REQUIRED WORK:
Copy the records exactly, leaving out every picture.

····················

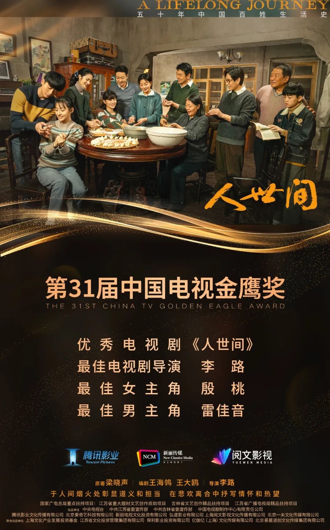 在2022年11月舉行的第31屆中國(guó)電視金鷹獎(jiǎng)評(píng)選中,《人世間》憑借7項(xiàng)提名、4項(xiàng)大獎(jiǎng)成為本屆金鷹獎(jiǎng)獲得提名及獎(jiǎng)項(xiàng)最多的作品。除“優(yōu)秀電視劇”獎(jiǎng)外,導(dǎo)演李路、演員殷桃、演員雷佳音憑借該劇分別榮獲“最佳電視劇導(dǎo)演”“最佳女主角”“最佳男主角”獎(jiǎng)項(xiàng)。
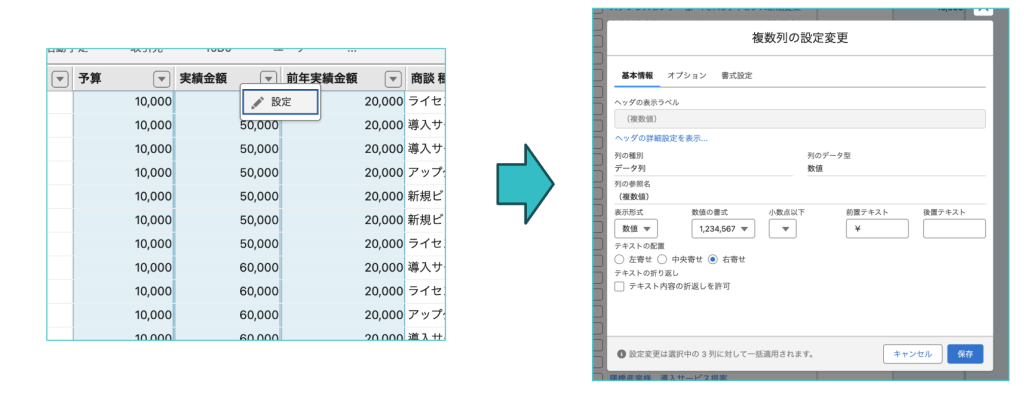 などの、複数の列に共通する設定項目をまとめて変更できるようになりました。シートの列を Shift キーや Ctrl (Command) +クリックで複数選択し、右クリックで表示されたコンテキストメニューから、一括で列設定を変更可能です。
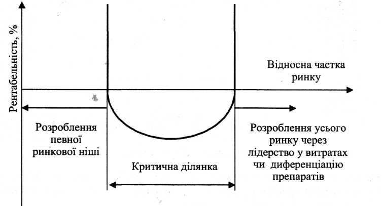 Загальна стратегічна модель Портера ґрунтується на положенні, що шанс досягнути необхідного рівня рентабельності мають як великі фармацевтичні підприємства із значною часткою ринку, так і невеликі спеціалізовані фірми. При цьому небезпечною є середня позиція, і тому підприємствам, які не мають засобів чи зусиль для досягнення лідерства на ринку, необхідно сконцентрувати свою роботу на певному сегменті і нарощувати там переваги стосовно конкурентів. Зв'язок між часткою ринку і рентабельністю, за Портером, показаний на рис. 3.
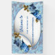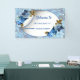 Shades of Blue watercolor Hydrangeas & bronze leaves wedding theme, some with gold geometric frame trimmings to personalize welcome wedding banner
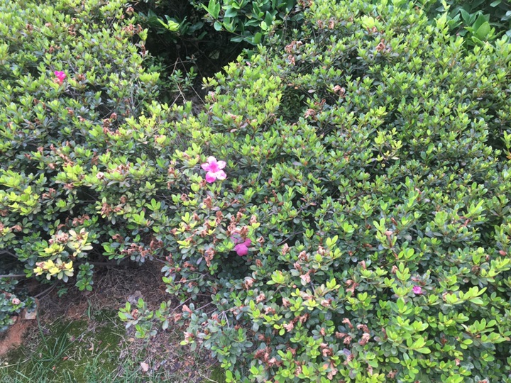 小时候觉得被剪得平平整整的隔离墙都是用的冬青,前些日子陆续发现灰莉、金叶女贞、假连翘、六道木、红花檵木也都被用来做隔离墙,最近在杭州,我又发现,杜鹃也加入了隔离墙的队伍。
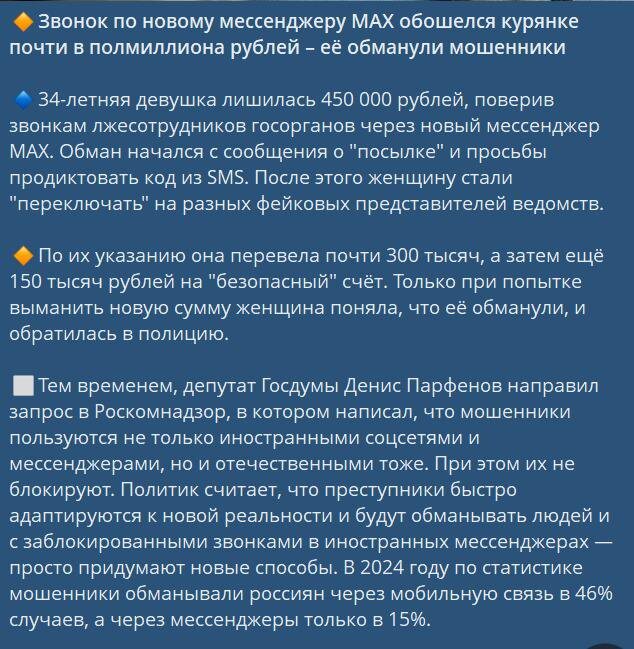 Ну что же. Приготовились. Уже и через Макс мошенники обманывают.

····················

OUTPUT FOR THIS TASK:
 在2022年11月舉行的第31屆中國(guó)電視金鷹獎(jiǎng)評(píng)選中,《人世間》憑借7項(xiàng)提名、4項(xiàng)大獎(jiǎng)成為本屆金鷹獎(jiǎng)獲得提名及獎(jiǎng)項(xiàng)最多的作品。除“優(yōu)秀電視劇”獎(jiǎng)外,導(dǎo)演李路、演員殷桃、演員雷佳音憑借該劇分別榮獲“最佳電視劇導(dǎo)演”“最佳女主角”“最佳男主角”獎(jiǎng)項(xiàng)。
 などの、複数の列に共通する設定項目をまとめて変更できるようになりました。シートの列を Shift キーや Ctrl (Command) +クリックで複数選択し、右クリックで表示されたコンテキストメニューから、一括で列設定を変更可能です。
 Загальна стратегічна модель Портера ґрунтується на положенні, що шанс досягнути необхідного рівня рентабельності мають як великі фармацевтичні підприємства із значною часткою ринку, так і невеликі спеціалізовані фірми. При цьому небезпечною є середня позиція, і тому підприємствам, які не мають засобів чи зусиль для досягнення лідерства на ринку, необхідно сконцентрувати свою роботу на певному сегменті і нарощувати там переваги стосовно конкурентів. Зв'язок між часткою ринку і рентабельністю, за Портером, показаний на рис. 3.
 Shades of Blue watercolor Hydrangeas & bronze leaves wedding theme, some with gold geometric frame trimmings to personalize welcome wedding banner
 小时候觉得被剪得平平整整的隔离墙都是用的冬青,前些日子陆续发现灰莉、金叶女贞、假连翘、六道木、红花檵木也都被用来做隔离墙,最近在杭州,我又发现,杜鹃也加入了隔离墙的队伍。
 Ну что же. Приготовились. Уже и через Макс мошенники обманывают.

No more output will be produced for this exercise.